(Reuters) – Mexico will not investigate former president Felipe Calderon after one of his onetime aides was charged in the United States with accepting bribes from a drug cartel, President Andres Manuel Lopez Obrador said on Wednesday.
At a regular government news briefing Lopez Obrador was asked if Mexico would probe Calderon following the arrest of ex-security minister Genaro Garcia Luna last week, or whether he would leave the matter in the hands of the United States.
“There won’t be an investigation because it would create the perception we’re doing it for political purposes,” said Lopez Obrador, a leftist who claimed he was robbed of the presidency in 2006 after a narrow loss to the conservative Calderon.
The president said the office of Mexico’s attorney general would cooperate with U.S. authorities in the investigations around Garcia Luna, who this week waived his right to a detention hearing in a Dallas federal court.

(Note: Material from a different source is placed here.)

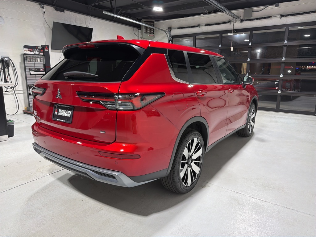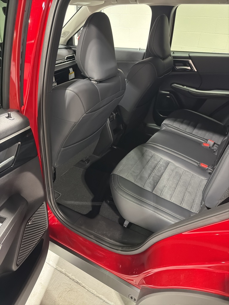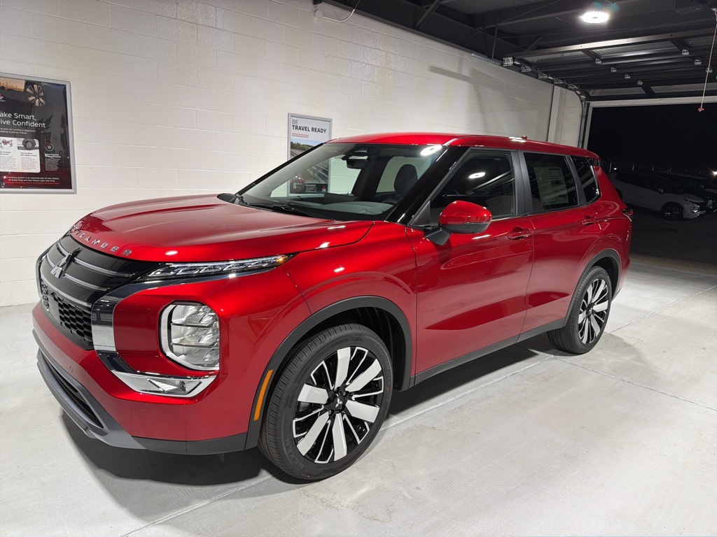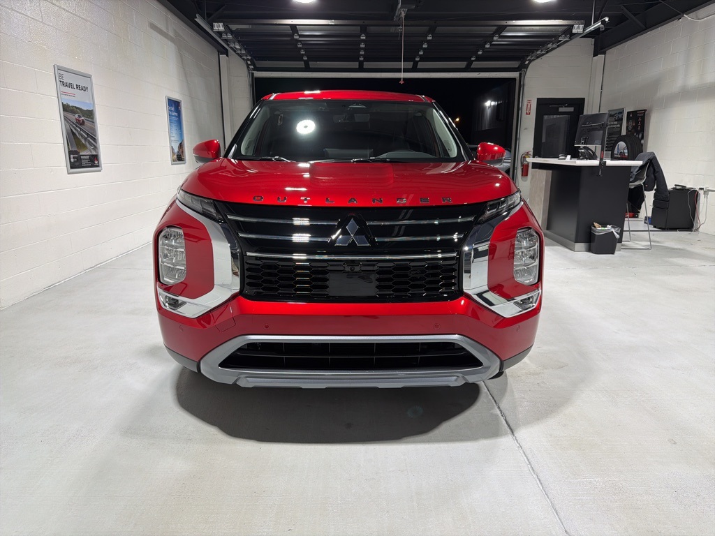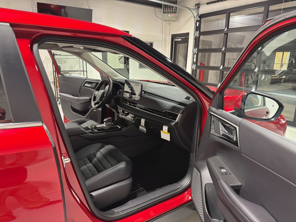 Red 2025 Mitsubishi Outlander SE FWD CVT 2.5L I4 DOHC 16V LEV3-SULEV30 181hp 3rd row seats: split-bench, 4-Wheel Disc Brakes, 8 Speakers, ABS brakes, Air Conditioning, Alloy wheels, AM/FM radio: SiriusXM, Android Auto & Apple CarPlay, Auto High-beam Headlights, Auto-dimming Rear-View mirror, Automatic temperature control, Brake assist, Bumpers: body-color, Driver door bin, Driver vanity mirror, Dual front impact airbags, Dual front side impact airbags, Electronic Stability Control, Emergency communication system: Mitsubishi Connect w/ 24-month trial, Exterior Parking Camera Rear, Four wheel independent suspension, Front anti-roll bar, Front Bucket Seats, Front Center Armrest w/Storage, Front dual zone A/C, Front fog lights, Front reading lights, Fully automatic headlights, Garage door transmitter: HomeLink, Heated door mirrors, Heated Front Bucket Seats, Heated front seats, Illuminated entry, Knee airbag, Leather Shift Knob, Leather steering wheel, Low tire pressure warning, Navigation System, Occupant sensing airbag, Outside temperature display, Overhead airbag, Overhead console, Panic alarm, Passenger door bin, Passenger vanity mirror, Power door mirrors, Power driver seat, Power Liftgate, Power steering, Power windows, Radio data system, Radio: AM/FM 12.3" Navigation w/Smartphone-Link, Rain sensing wipers, Rear anti-roll bar, Rear seat center armrest, Rear side impact airbag, Rear window defroster, Rear window wiper, Reclining 3rd row seat, Remote keyless entry, Security system, Speed control, Speed-Sensitive Wipers, Split folding rear seat, Spoiler, Steering wheel mounted audio controls, Synthetic Leather Seating Surfaces, Tachometer, Telescoping steering wheel, Tilt steering wheel, Traction control, Trip computer, Turn signal indicator mirrors, Variably intermittent wipers, Wheels: 20" Two-Tone Alloy.

“And if they decide to open a case, it’s a decision of that independent authority,” Lopez Obrador said, apparently referring to Calderon, who was president until 2012.

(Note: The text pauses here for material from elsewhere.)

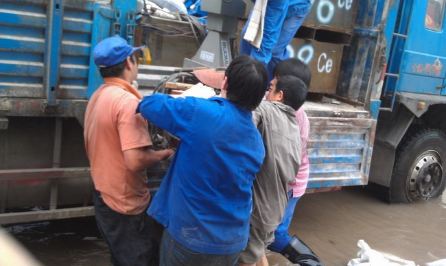 洪灾时公司员工抢救有价物资

Lopez Obrador said he believed it was better to look to the future rather than rake through the past. But he repeated that if the Mexican public demanded via referendum to go after ex-presidents, his administration would heed the call.
Garcia Luna, who was Calderon’s minister for public security from 2006 to 2012, has been accused of accepting millions of dollars in bribes from the Sinaloa Cartel once headed by convicted kingpin Joaquin “El Chapo” Guzman.